Exercise details:
Once you find the line with "En la Sala de", output it and every line after it exactly, through the last line of the listing, but no pictures.

Information shown:
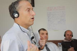 Senior legal official from the Ministry of Local Government Administration Besim Murtezani speaks at a Mission-organised conference on voluntarism and participation of youth in decision-making, Prishtine/Pristina, 22 March 2012.
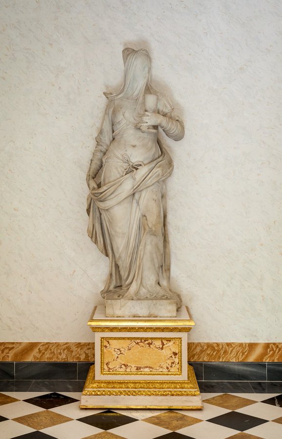 En la Sala de la Justicia del Palacio Real de La Granja de San Ildefonso se exhibe La Fe velada, de Antonio Corradini, una bella obra que custodia Patrimonio Nacional.
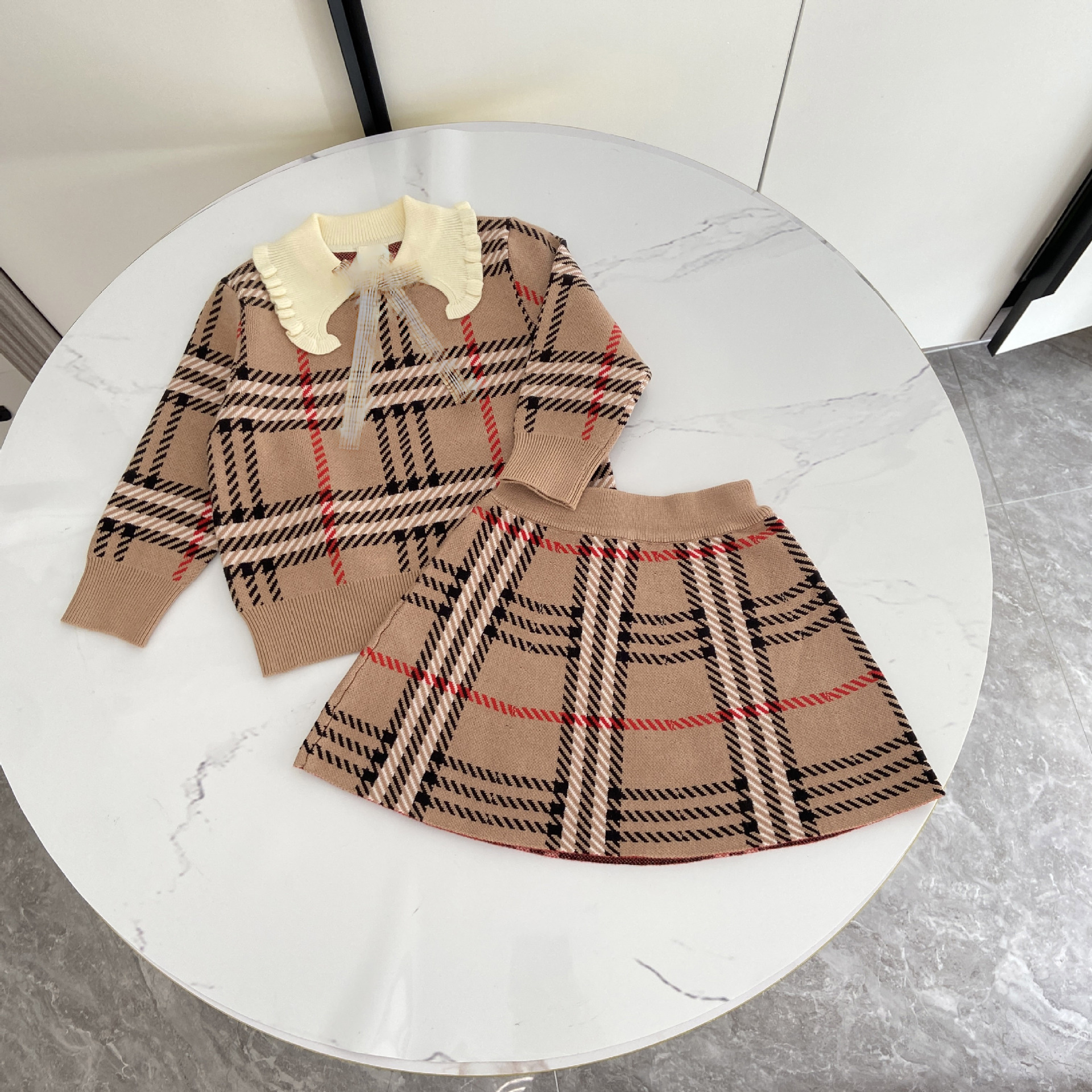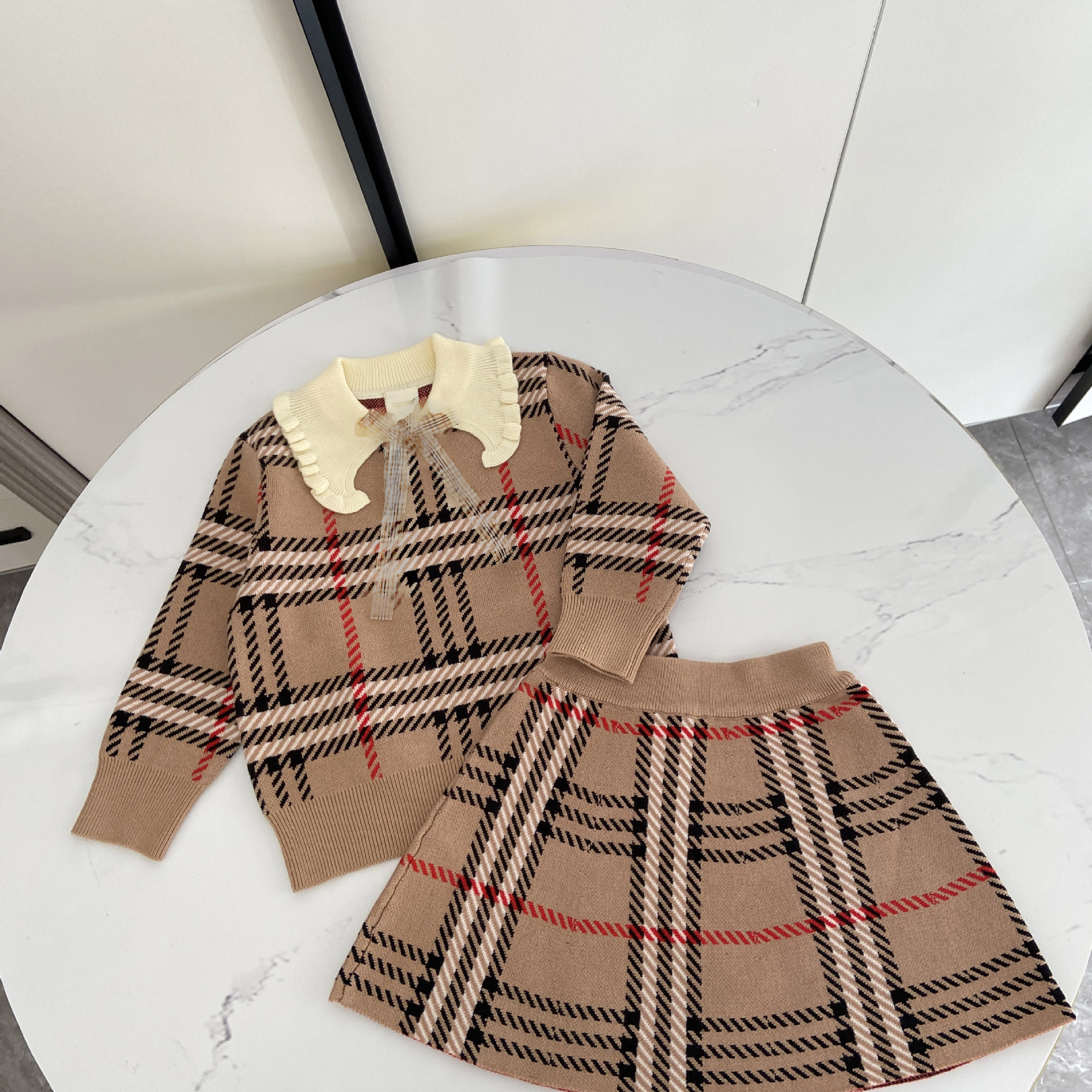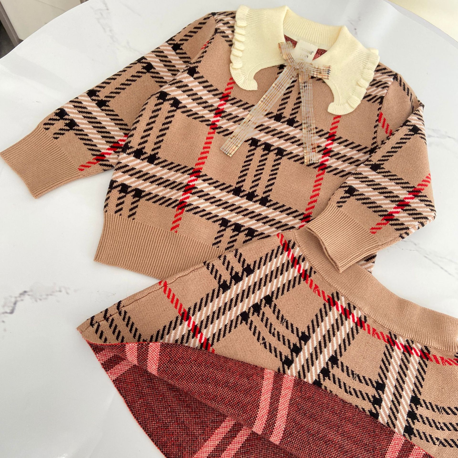2025 봄 신작 아동용 스웨터 스커트 소녀 대학 스타일 라펠 스웨터 스커트 정장 유행

Task answer:
 En la Sala de la Justicia del Palacio Real de La Granja de San Ildefonso se exhibe La Fe velada, de Antonio Corradini, una bella obra que custodia Patrimonio Nacional.
2025 봄 신작 아동용 스웨터 스커트 소녀 대학 스타일 라펠 스웨터 스커트 정장 유행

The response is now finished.